Please use this identifier to cite or link to this item: https://dspace.iiti.ac.in/handle/123456789/12521
Title: Deep learning based robust analysis of laser biospeckle data for detection of fungal infected soybean seeds
Authors: Kaler, Nikhil
Supervisors: Bhatia, Vimal
Keywords: Electrical Engineering
Issue Date: 13-Nov-2023
Publisher: Department of Electrical Engineering, IIT Indore
Series/Report no.: MSR039;
Abstract: The agricultural sector holds significant global importance as it serves as a foundation for various industries, plays a crucial role in ensuring food security, and acts as a catalyst for economic growth. In India, agriculture assumes paramount significance by providing livelihood opportunities, making substantial contributions to the country’s gross value added (GVA), and providing crucial economic sustenance to the low-income population. However, seed-borne pathogens, including bacteria, fungi, and viruses, significantly challenges crop production. These pathogens adversely affect seed germination and seedling establishment, resulting in low crop yields and reduced productivity.

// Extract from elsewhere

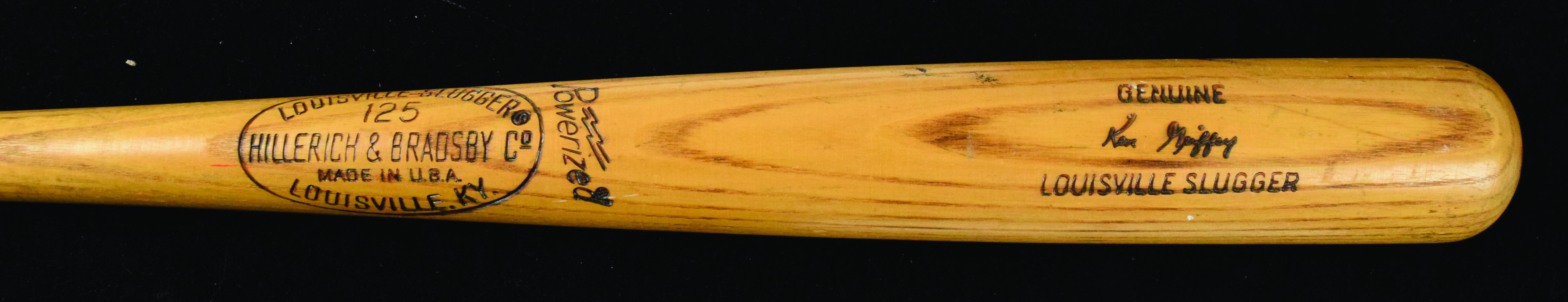 Description:Ken Griffey professional model baseball bat, c.1973-75 (PSA GU 8.5). 34" Louisville Slugger S216 Ken Griffey model bat with his #30 written on the knob in black marker. Includes LOA from PSA/DNA grading the bat 8.5 and noting excellent use with a crack on the back barrel, several ball marks and stitch impressions, cleat marks, rack streaks, and light coat of pine tar. Matching serial #1B18315 sticker is on the bat: PSA GU 8.5

Soybean, a crucial crop worldwide, serves various purposes such as food security, animal feed, biofuel production, and sustainable agriculture. Seed-borne diseases in soybeans are transmitted through infected seeds and pose threats to plant health, vigor, and overall productivity. Enhancing productivity and satisfying global food demands depend on addressing these challenges and ensuring healthy and high-quality seeds.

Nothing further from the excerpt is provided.